Any feedback and suggestions from the mead gurus would be really appreciated!
Ray


----------



## mmadmikes1 (Aug 22, 2012)

There will be little need for acid blend with blackberries or raspberries. Test the PH first. I go for 3.4 to 3.6


----------



## the_rayway (Aug 22, 2012)

Still don't have an acid test kit...need to get one of those, but was hoping that I could squeeze by without one for a little while. Am blowing thru the 'budget' hubby set for me really quickly!


----------



## saramc (Aug 22, 2012)

Many mazers opt not to use campden when making mead...just something to consider...the honey tends to do the policing for you. You will need to decide about introducing the campden when adding the berries--are they commercially frozen or fresh/fresh frozen with wild yeast?
But, then again--there are many who opt out on Campden during fermentation of mead.
No reason to add pectic enzyme when making just a basic mead, though you will want to add it once you introduce the berries (which I would introduce when the S.G. has dropped by 2/3, rather than creating a "number"). 
I would also opt out on the acid blend since you are adding the berries. You can pick up an acid test kit for $6-9. 
If you have a steam juicer then you could definitely juice the berries, otherwise I would just keep everything in the primary bucket for another 5-7 days, stirring/gently squeezing at least twice a day and then transfer to carboy/airlock. 
But, that is just me.


----------



## the_rayway (Aug 22, 2012)

Thanks saramc!
I'm basing my recipe off of Terry Garey's book, and she always seems to use campden tabs. The berries are fresh ones that I froze at home, so there is a chance of wild yeast. Do you think I should still use the tabs in this case? Also, how much pectic do you think I should add to each gallon? I thought I remember reading that blackberry can be difficult to clear?

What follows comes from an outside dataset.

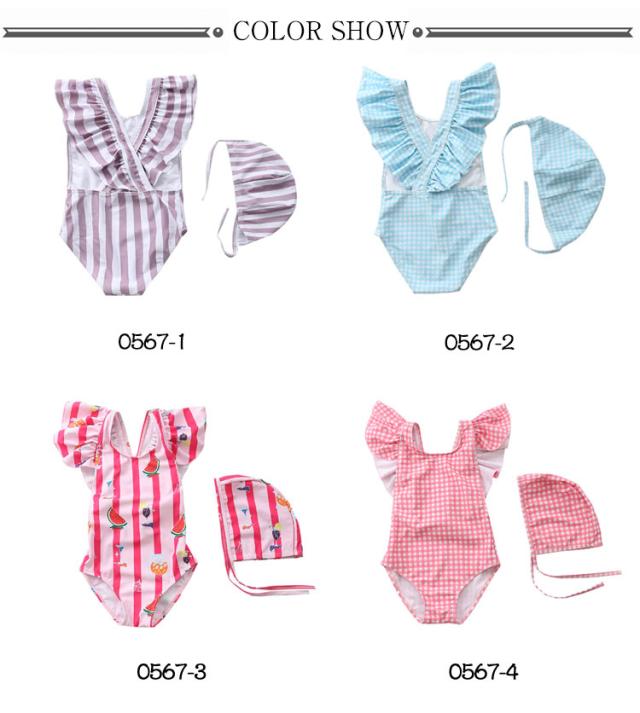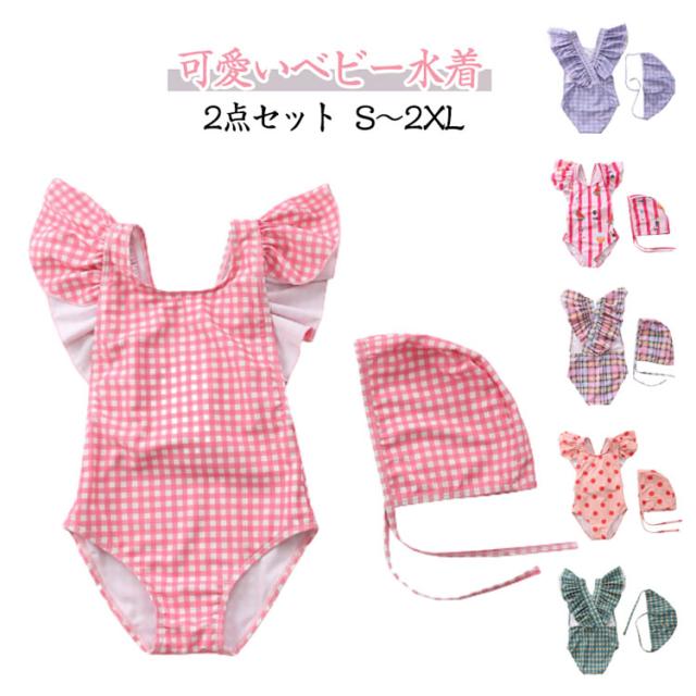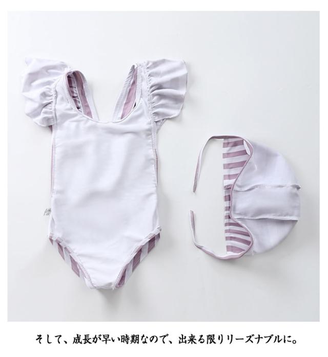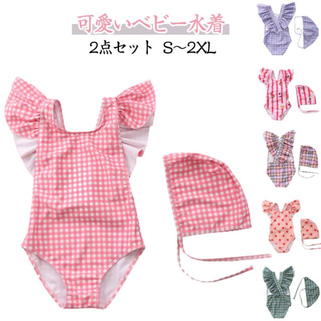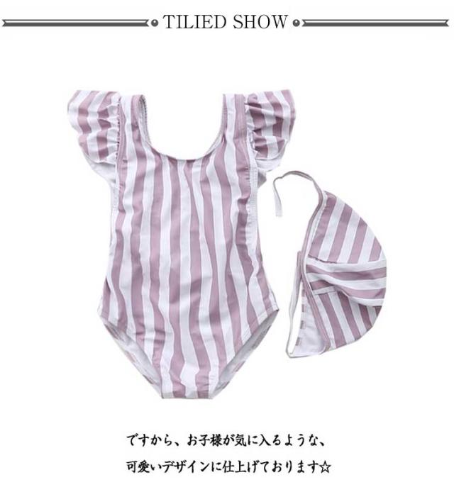 赤ちゃん 水着 ベビー服 帽子 子供用水着 プール 女児 女の子 2点セット ワンピース 水泳帽付き スイムウエア キッズ 女児 SNS人気!子供 スイムキャップ スクール 水着 かわいい ストライプ みずぎ 水着 こども フリル おすすめ 大きいサイズ

Sadly, no steam juicer, so it'll probably be into primaries for the fruit additions 

Gotta get one of those test kits...


----------



## mmadmikes1 (Aug 22, 2012)

I have never added Campden (KMeta)Never had a problem. you would be better off not adding acid blend with blackberries and raspberries than than adding. If you are going to keep making wine you have to get one. Otherwise you may be making some really lousy wine or mead.


----------



## the_rayway (Aug 23, 2012)

Thanks mmadmikes1, looks like it's off to the LHBS for me!


----------



## UBB (Aug 23, 2012)

what would the suggested aging time be for this stuff? 18 months??


----------



## Deezil (Aug 23, 2012)

UBB said:


> what would the suggested aging time be for this stuff? 18 months??



Meads take their sweet time. They take time to ferment, they take time to clear, and they take time to age... 

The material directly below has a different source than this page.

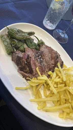 Espectacular, increíble, delicioso, exquisito, una relación calidad, cantidad, precio insuperable. El trato es súper profesional, son encantadores. Héctor, el chef y Rodrigo compañero y también socios y dueños del restaurante, te guían asombrosamente bien, ofreciendo un trato insuperable y familiar. El resto de personal también absolutamente atentos y educadísimos. Son especialistas en carnes y pescados, aunque su carta es muy variada y completa con muchos entrantes deliciosos para elegir. Fuimos cuatro personas, como principales pedimos rape acompañado de aceite con una fritura de ajo y guindilla que estaba muy jugoso, sabroso y espectacularmente cocinado, una exquisitez con su particular carne prieta pero a la vez tierna y en su punto perfecto. Se impregnaba el espectacular sabor en la boca y solo podíamos emitir sonidos de disfrute culinario. Después pedimos la chuleta y no hay palabras para describir la calidad de la misma. Primero te dan a elegir la pieza y te explican las diferentes maduraciones (mientras más tiempo de maduración un sabor más intenso, menos más suave), pedimos una de maduración intermedia. Te cortan el peso deseado y te lo muestran en la báscula, mientras te guían de forma profesional la cantidad recomendada en relación con lo que vas a pedir y quieres comer. Nos la trajeron marcadita y fileteada, junto con una plancha caliente para que los comensales se la hagan a su gusto, a mí particularmente me gusta muy poco hecha. La carne era increíblemente suave, se deshacía en la boca y se podía partir con un cuchillo de mantequilla. Tenía un sabor espectacular y se notaba que era de una altísima calidad, además como buenos profesionales de la carne y conocedores de que nos gustaba poco hecha nos la partieron al principio, antes de pedir las demás cosas, con lo que aún estando cruda estaba atemperada y para nuestro gusto particular solo había que acercarla escasos segundos a la plancha. Por supuesto te la ponen la medida de hecha que elijas. De entrante pedimos volandeiras y estaban deliciosas, jugosas, sabrosas y tenían un gran bocado pero de sabor delicado, también pedimos puerros y aunque a mi no me gustan las verduras, mi marido y amigos me dijeron que estaban deliciosos, de lo que doy fe es que su olor era increíble. Las bebidas, vinos, cervezas etc. eran muy buenas, de calidad y económicamente asequibles. De postre pedimos una torrija para compartir y aunque yo no soy de dulces, he de decir que estuvo deliciosa, ligera y entraba fenomenal. En conjunto un lugar de referencia de Bilbao si deseas comer increíblemente bien, a un precio muy razonable, con una atención profesional e insuperable. La única pena es que al estar de viaje sólo pudimos disfrutarlo una noche, si no, hubiésemos repetido hasta probar todos los entrantes de la carta, todos los pescados y las diferentes maduraciones de la carne. Si tuviese potestad les pondría las máximas estrellas, tenedores, o puntuación. También señalar la extremada limpieza y desinfección que dada esta situación actual me parece...
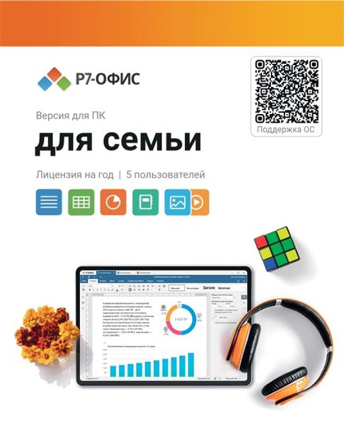 Право на использование программы Р7-Офис Для семьи лицензия на 1 год, на 5 пользователей.

It'd probably be decent at 18 months, maybe a bit green still.. Probably drinkable at 2 years.. Probably amazing somewhere between 3-5 years

But i refuse to drink anything before its ready to show me what its really made of, so i tend to wait longer than most


----------



## UBB (Aug 23, 2012)

Deezil said:


> Meads take their sweet time. They take time to ferment, they take time to clear, and they take time to age...
> 
> It'd probably be decent at 18 months, maybe a bit green still.. Probably drinkable at 2 years.. Probably amazing somewhere between 3-5 years
> 
> But i refuse to drink anything before its ready to show me what its really made of, so i tend to wait longer than most



That's been my biggest hangup about making a bunch of mead as I have a great local source of ND Honey! It'd be tough to tie up several carboys for 2 years.


----------



## Deezil (Aug 23, 2012)

Once its cleared & you're just bulk aging - you can bottle it if you want the carboys back.. Just let it age in the bottles


----------



## UBB (Aug 23, 2012)

Deezil said:


> Once its cleared & you're just bulk aging - you can bottle it if you want the carboys back.. Just let it age in the bottles


good point


----------



## the_rayway (Aug 23, 2012)

I'm trying to do along the lines of 1-2 batches per month, that way I have a good flow for carboy exchanges without having to find more primaries. 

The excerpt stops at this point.